"Sin agua, la ganadería se aleja cada vez más de su potencial productivo"
Aún sabiendo que alrededor del 70% del cuerpo del bovino está conformado por agua, en la ganadería se subestiman las acciones concretas para mejorar su disponibilidad y calidad. ¿Por qué pasa esto? ¿Qué podemos cambiar?
El agua, elemento tan vital como el alimento en la ganadería.
En la planificación de la producción en ganadería, ya sea para carne o leche, es común que la calidad de la pastura, los minerales o la genética ocupen los primeros lugares de la lista. Sin embargo, un elemento fundamental y, paradójicamente, el más subestimado, sigue siendo el agua.

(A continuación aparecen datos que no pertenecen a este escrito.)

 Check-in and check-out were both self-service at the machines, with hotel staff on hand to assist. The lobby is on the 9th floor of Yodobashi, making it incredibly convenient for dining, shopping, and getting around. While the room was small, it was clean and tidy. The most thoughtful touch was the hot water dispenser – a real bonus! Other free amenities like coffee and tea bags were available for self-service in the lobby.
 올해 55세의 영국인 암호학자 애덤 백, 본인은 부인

El Dr. Ricardo Sager, médico veterinario con experiencia en este tema, es categórico al respecto en su diálogo exclusivo con MOTIVAR: “El agua no es importante, es indispensable".
A pesar de esta obviedad biológica, la gestión hídrica suele ser uno de los últimos ítems considerados, una negligencia que, según el profesional, es "sinónimo de fracaso productivo".

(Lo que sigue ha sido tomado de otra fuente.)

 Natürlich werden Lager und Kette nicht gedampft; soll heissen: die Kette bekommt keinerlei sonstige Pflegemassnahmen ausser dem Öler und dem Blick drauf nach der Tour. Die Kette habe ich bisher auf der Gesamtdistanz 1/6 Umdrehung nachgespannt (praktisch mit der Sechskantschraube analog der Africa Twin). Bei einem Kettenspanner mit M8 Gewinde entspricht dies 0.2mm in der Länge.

Más que un nutriente, un alimento vital para el ganado
El agua es, en esencia, "el alimento más importante que tiene el ganado". Esta afirmación se sostiene en la composición biológica del animal: "Alrededor del 70% de su peso es agua. De hecho, si se compra un kilogramo de carne, se está adquiriendo 700 centímetros cúbicos de agua en un envase natural", graficó Ricardo Sager, quien es graduado y doctorado en la UNLP. Además, estudió Ciencias en la Colorado State University y se jubiló en 2022, al frente de la EEA INTA en San Luis.
Nota de Tapa 2 - Ricardo Sager
Ricardo Sager, graduado y doctorado en la UNLP. Estudió Ciencias en la Colorado State University y se jubiló en 2022, estando al frente de la EEA INTA en San Luis.
Ya en el caso de la producción láctea, no se debe perder de vista que el 80% de un litro de leche es agua. El consumo es masivo y directo: una vaca de tambo adulta, de unos 500 kilos, necesita entre 50 y 70 litros de agua diarios sólo para mantener sus funciones vitales, dependiendo de la época del año (obviamente, necesita más en verano).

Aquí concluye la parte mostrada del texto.